Take the lines below from the one with "Esta fuente que" through the one with "Vízmentes koffein - tiszta" and print only them, exactly. Don't print the pictures.

Records for this exercise.
- Opening Delimiter -

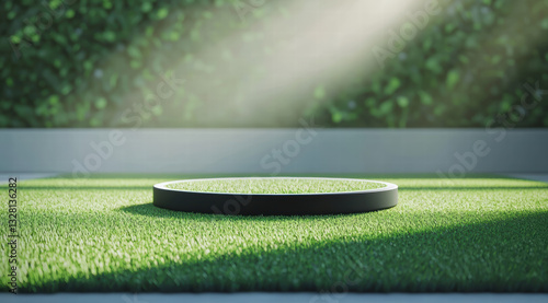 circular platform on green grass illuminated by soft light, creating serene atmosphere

- Closing Delimiter -
- Opening Delimiter -

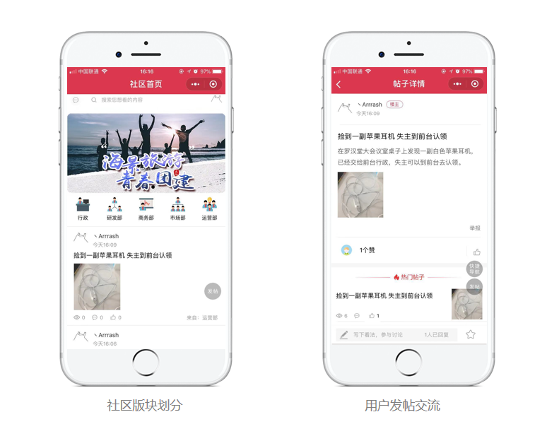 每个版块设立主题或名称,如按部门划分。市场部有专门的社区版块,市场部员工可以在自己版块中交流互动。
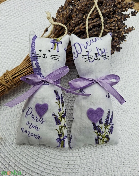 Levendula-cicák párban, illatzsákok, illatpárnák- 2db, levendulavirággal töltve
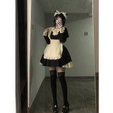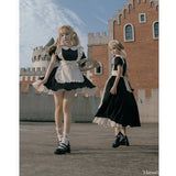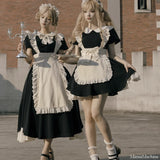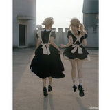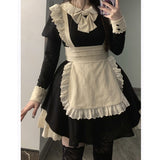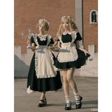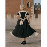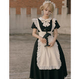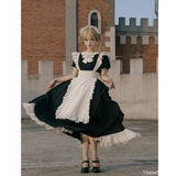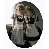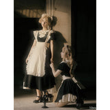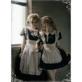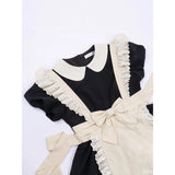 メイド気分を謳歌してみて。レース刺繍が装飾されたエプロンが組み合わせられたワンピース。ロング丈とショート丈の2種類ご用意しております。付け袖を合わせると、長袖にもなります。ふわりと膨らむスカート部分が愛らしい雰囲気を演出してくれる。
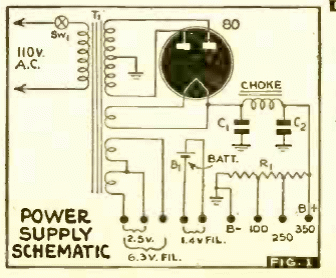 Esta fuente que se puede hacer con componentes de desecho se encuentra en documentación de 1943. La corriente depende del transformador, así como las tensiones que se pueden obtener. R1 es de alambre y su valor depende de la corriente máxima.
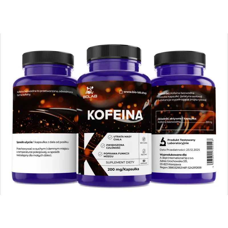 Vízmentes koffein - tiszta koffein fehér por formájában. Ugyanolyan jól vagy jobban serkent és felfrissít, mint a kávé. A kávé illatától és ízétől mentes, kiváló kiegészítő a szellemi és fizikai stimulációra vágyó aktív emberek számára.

- Closing Delimiter -
- Opening Delimiter -

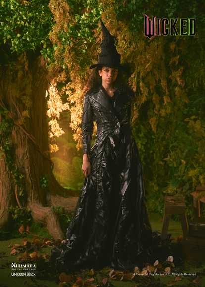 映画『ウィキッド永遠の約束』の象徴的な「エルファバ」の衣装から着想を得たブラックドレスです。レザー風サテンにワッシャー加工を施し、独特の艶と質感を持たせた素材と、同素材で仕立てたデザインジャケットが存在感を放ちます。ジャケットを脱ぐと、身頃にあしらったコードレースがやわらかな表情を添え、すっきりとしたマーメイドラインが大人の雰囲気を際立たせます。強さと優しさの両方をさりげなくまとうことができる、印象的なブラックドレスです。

- Closing Delimiter -

Response to this task.
 Esta fuente que se puede hacer con componentes de desecho se encuentra en documentación de 1943. La corriente depende del transformador, así como las tensiones que se pueden obtener. R1 es de alambre y su valor depende de la corriente máxima.
 Vízmentes koffein - tiszta koffein fehér por formájában. Ugyanolyan jól vagy jobban serkent és felfrissít, mint a kávé. A kávé illatától és ízétől mentes, kiváló kiegészítő a szellemi és fizikai stimulációra vágyó aktív emberek számára.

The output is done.